Ars
21 февраля 2022 г., 20:13
Он только смотрит. Никогда не касается.
Петербург тонет в крови, захлебывается в чаше ладоней с птичьими пальцами. Это начало.
Это зарево пламенного заката — это пальцы, сжимающие черную обивку дивана по обе стороны громовских плеч.
Но никогда не прикосновение к ним.
Люди и лица превращаются в тени, тени смываются багряными разводами, отзвуки жизни затянуты в багровый водоворот — кровь смывает пороки и порождает мир новый и чистый.
Новый и чистый.
По крайней мере он так говорит.
Даже здание, объятое огнём пламенеет не так ярко, как умирающее на ночь солнце, прокравшееся в волосы Разумовского. Он — ожившее преклонение ценителей искусства.
Он — Дориан Грей, но в отличии от того, его злосчастное изображение не заперто на холсте. И это видно. Видно по голубым глазам, вмиг сменяющимся на растекшееся золото.
Самые ужасные его пороки никогда не оставляют Сергея наверняка. Потому-то с ними невозможно бороться или пытаться от них избавиться. Они, воплащенные в старого друга, всегда бродят рядом, желают сменить управление. Они шепчут нечто неразборчивое, поистине ужасное, цепляют ворот куртки и подтягивают к себе. Когда Игорь старается перехватить руку вновь обезумевшего Разумовского, его отбрасывают.
К искусству нельзя прикасаться.
Гром должен помочь, но не может.
С виду Разумовский кажется не таким плохим, уютным что ли, похожим на рыжего мурлычущего кота. Больше не забивается в угол и не смотрит затравленно, он рассуждает об исторических деятелях и шедеврах искусства, ухмыляется жёстко и вновь, и вновь обращается к уцелевшей картине. Сейчас она предстает чем-то украденным, опороченным этим местом, между ней и прежним Разумовским больше нет связи.
Игорь старается достучаться. Он бредет во мгле чужих спутанных мыслей, хватается за кусочки, но выхватывает лишь пустоту. Взывает к совести, морали и состраданию. Ужасному детству и женщинам, старикам, детям, что тонут, ни в чем неповинные, в липкой крови.
— Всякое искусство совершенно бесполезно.
— Ну тогда давай. Сожги Лувр. Разрушь Эрмитаж. Сотри то, что до тебя человечество порождало и сохраняло веками.
Гром настойчиво продолжает возвращать Сергея к прошлому, когда он защищал историческое наследие, выступал за реконструкции, восторгался идеалами и жил догмами морали. Но сейчас все это смутно напоминает осколок чужой, вырванной из идеального мира жизни.

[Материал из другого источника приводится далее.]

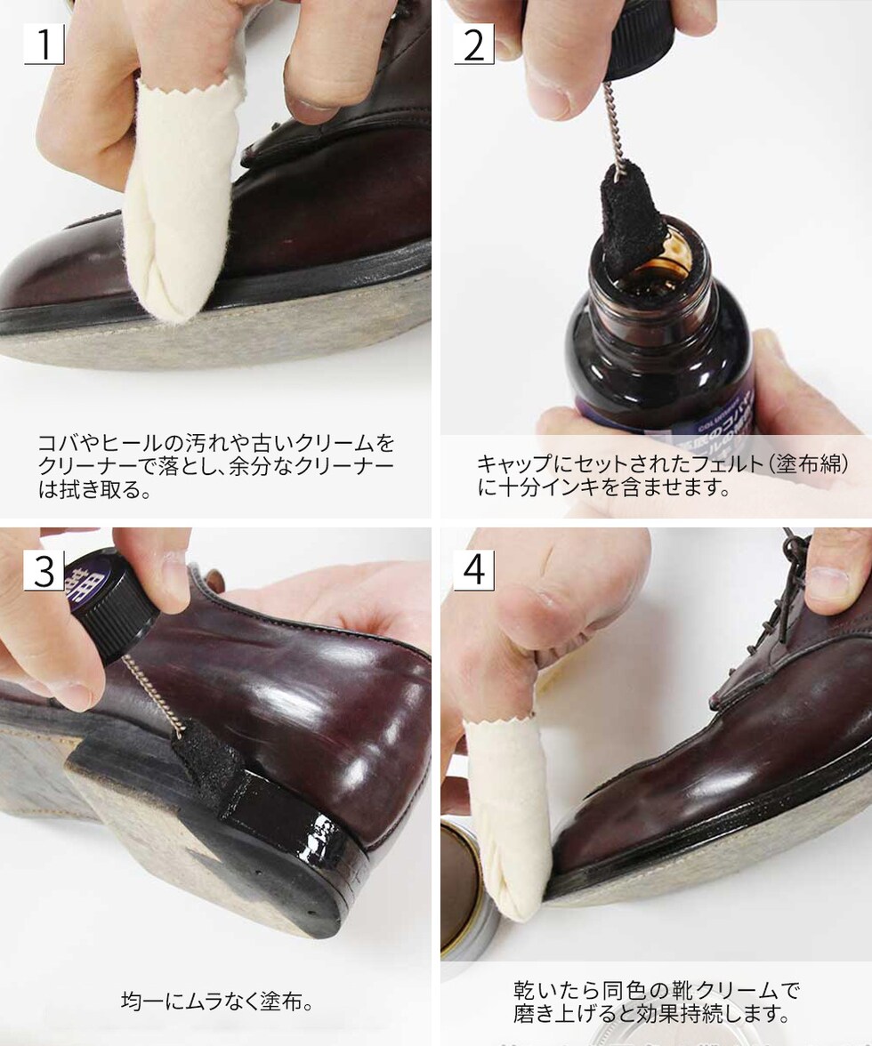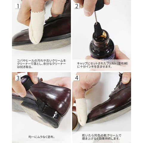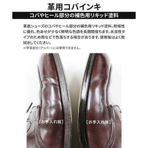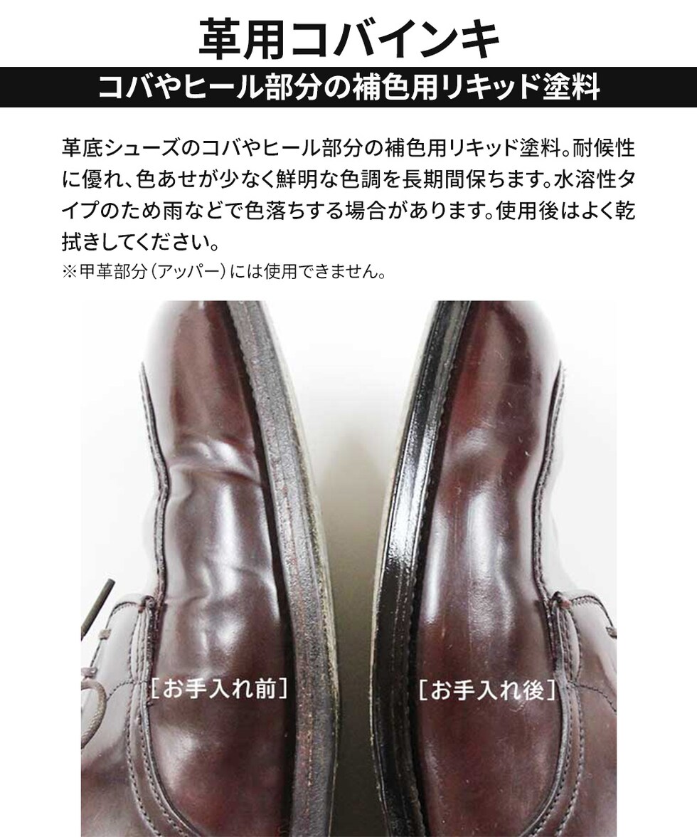 革底シューズのコバやヒール部分の補色用リキッド塗料。耐候性に優れ、色あせが少なく鮮明な色調を長期間保ちます。

Но ничего как раньше уже не будет. Даже если Сергей победит внутреннего маньяка, он никогда не победит ненависть к себе.
— Единственный повод для создания вещи по истине столь бесполезной — страстная любовь автора к своему созданию, — Разумовский кончиками пальцев дотрагивается до масляного полотна. — Оттого мне и непонятно.
— А мне не понятно, почему я говорю со стеной.
— Не понятно, как можно любить так сильно.
— Разве любовь к созданию не сопоставима с любовью к разрушению? Спроси себя, что чувствуешь, когда сжигаешь людей.
— Либо же творцы вкладывали ложную любовь. Творили ради денег, признания, славы. Рукоплесканий и похвалы, критики и поклонения. И нет возможности отличить что есть что: бесполезность, пропитанная чувством, или меркантильность, закрашенная пастелью. Поэтому я и хочу создать новое, совершенное. Искреннее и чистое. Светлое и ясное. Понимаешь, Игорь?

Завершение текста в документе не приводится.